Yoram Hazony, a senior fellow at the Shalem Center in Jerusalem, has written a provocative review of a remarkable work by Orthodox rabbi, Talmudist, and Yeshiva University professor Joseph B. Soloveitchik, best known in the Torah community as “The Rav,” in Commentary.
Hazony suggests that the Rav, in his posthumously-published book The Emergence of Ethical Man, framed an argument that “contemporary Jewish thought is based on medieval premises that are themselves alien to Judaism.” In essence, Hazony believes that the Rav was calling into question everything written in and about Judaism since at least the Renaissance, and possibly before.
As a consequence, Judaism cannot field an alternative to European thought, for it has itself, in a sense, succumbed to European thought. Jewish thought will therefore have to go back to its roots, to the Hebrew Bible and the classical rabbinic texts, and from them derive a “new worldview” that will be different from both the neo-medieval Jewish thought of modern times and the non-Jewish philosophical schools that await a new challenge from within Judaism.

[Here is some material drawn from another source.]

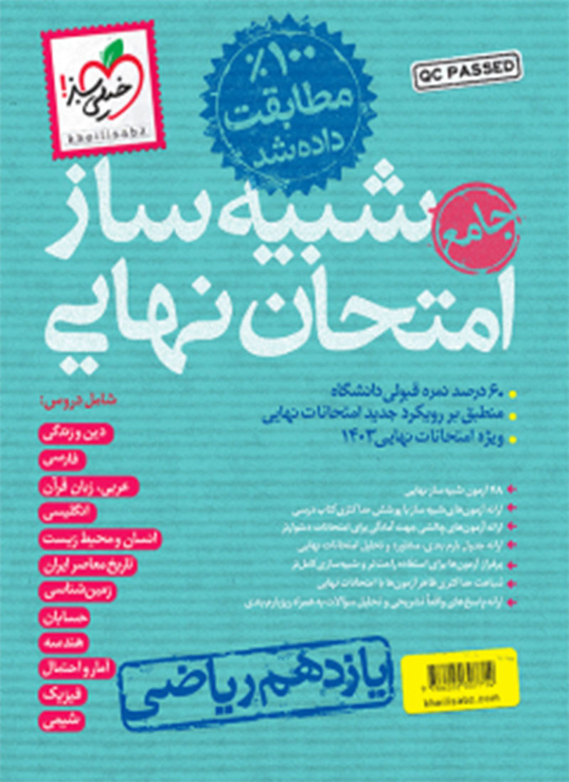 | درس | حسابان-هندسه-آمارواحتمال-فیزیک-شیمی-زمین شناسی-انسان و محیط زیست -فارسی-عربی-دین و زندگی-زبان انگلیسی-تاریخ معاصر |

I’ve spent the past four days wondering whether I should order The Emergence of Ethical Man, hoping perhaps to come to my own accommodation with the sheer intellectual mass of Jewish thought by redlining everything written after the Rambam. and decided a few moments before sitting down to write this that I would not. What convinced me was this post by Rabbi Gil Student at his excellent blog Hihurim Musings. Rabbi Student concludes:
As I understand R. Soloveitchik’s words, they provide no basis to suggest that he breached any theological boundaries in Emergence, certainly not any of the Rambam’s 13 Principles. He remains an innovative thinker within Orthodox Judaism as traditionally understood.
All of which makes me realize that I am intellectually outclassed. I’m going to stick with the basic texts for a while, but in the meantime I’m going to watch this discussion from the sidelines.